Мы стояли северо-западней Москвы и вели бои местного значения. Немецкие войска к этому моменту сильно истощились. Перед всей разведкой армии возникла главная задача постоянного наблюдения за войсками противника. С нас со всех требовали привести "языка". Требовалось узнать какие силы и какие войска противника находятся перед нами. Мы постоянно организовывали вылазки, но безрезультатно. Немцы близко к себе не подпускали. Они всё время ведут пулемётный огонь, не переставая пускают осветительные ракеты.
Я снова послал группу разведчиков на территорию немцев. К утру они возвратились с несколькими мешками каких-то документов. Мы хотели их сначала сжечь.
Но наш переводчик прочитал, а затем перевёл:
- Товарищ капитан, смотрите какую папку я здесь откопал!
- Ну и что в ней примечательного?
- Эта папка ветеринарного кабинета немцев. Здесь указаны и зарегистрированы все лошади, которых лечили. Описаны, чем лошадь болела, какое лечение получала. Но самое главное из какой военной части эта лошадь прибыла. А вот, даже адреса линейных и тыловых подразделений.
- Да, Егоров, у немцев ветеринарная служба работает лучше нашей медицины.

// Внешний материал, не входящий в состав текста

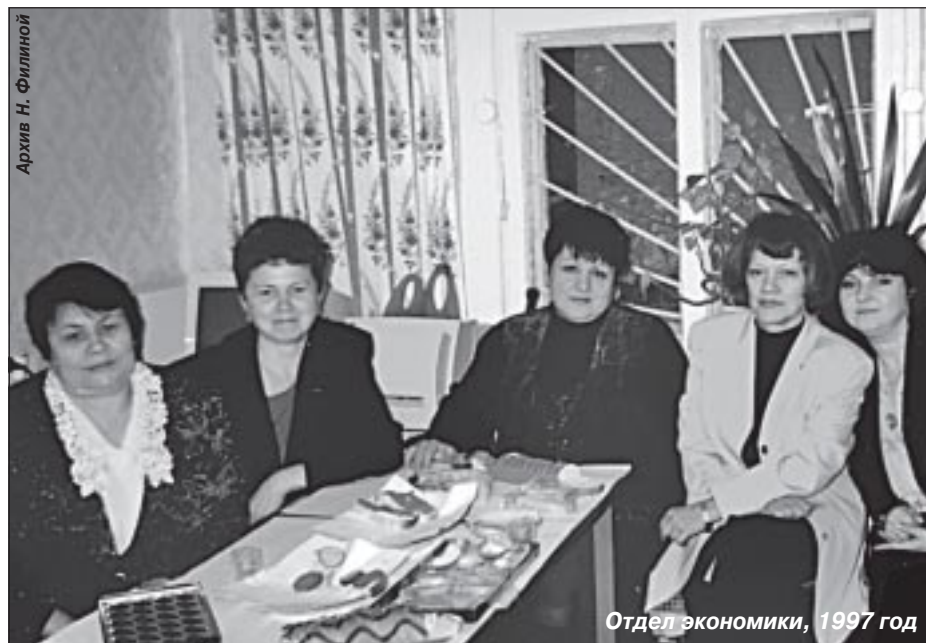
Отдел экономики, 1997 год

В настоящее время в функции отдела входит разработка прогноза социально-экономического развития Пуровского района, формирование основных показателей для разработки доходной части бюджета района. Отдел осуществляет подготовку методических документов для разработки и выполнения районных целевых программ. Если в 90-е годы на территории района работала одна комплексная программа, то на сегодняшний день - 21. В 2008 году Указом Президента РФ были утверждены показатели, оценивающие деятельность органов местного самоуправления. Теперь в полномочия отдела вошел обширный блок работы над сводным формированием данных показателей и работа над докладом главы Пуровского района о достигнутых значениях показателей для оценки эффективности деятельности местного самоуправления. Ну и, конечно, специфику работы отдела не обошел мировой экономический кризис, в настоящее время осуществляется выполнение многочисленных мониторингов по влиянию кризиса на экономику района, в которых отслеживается просроченная задолженность по выплате заработной платы, необос-

С этими ценными фактами я пошёл в штаб. Тут меня полковник встретил с недовольным видом:
- Ну, что, капитан, бумаги твои может и хороши, но они многого не дают. Нужен язык! В который раз тебе говорю!
- Языка мы добудем, но требую устроить для этого обстрел по немцу. Без артиллерийского огня взять языка практически не возможно. Немцы стали очень осторожны, не вылезают просто так.
- Ну и сколько выстрелов, капитан, предлагаешь сделать?
- Товарищ полковник, мы прикинули триста, триста пятьдесят снарядов надо на них обрушить.
- И где я тебе столько возьму, для твоей вылазки? Никто нам столько просто так не отвалит! Такой план я должен утвердить вместе с "хозяином" армии.
На следующий день просьбу мою утвердили. Артиллерийский огонь будет, но будет и наступление. Немцев должны выгнать с плацдарма.
Всё утро наша артиллерия бомбила фрицев. Мы воспользовались этой ситуацией, взяли языка. Какой-то немец вышел прямо на нас. Я схватился с ним, один на один. Он заехал мне в глаз, после чего даже синяк у меня появился. Ну а я стал его душить. Он что-то кричал, помню только его последние слова:
- Мир ист и ибэль! Мир ист и ибэль!
Когда мы его привели в штаб, то он оказался отличным языком. Служил писарем при штабе, а потом решил повоевать. Ему очень хотелось заработать медаль или орден.
Я же, в первую очередь, узнал у нашего переводчика, что он мне орал во время нашей драки. Оказалось:
- Меня тошнит, меня тошнит!
Да лошадей немцы лечат хорошо, но какая чувствительная нация. Тошнит их понимаете.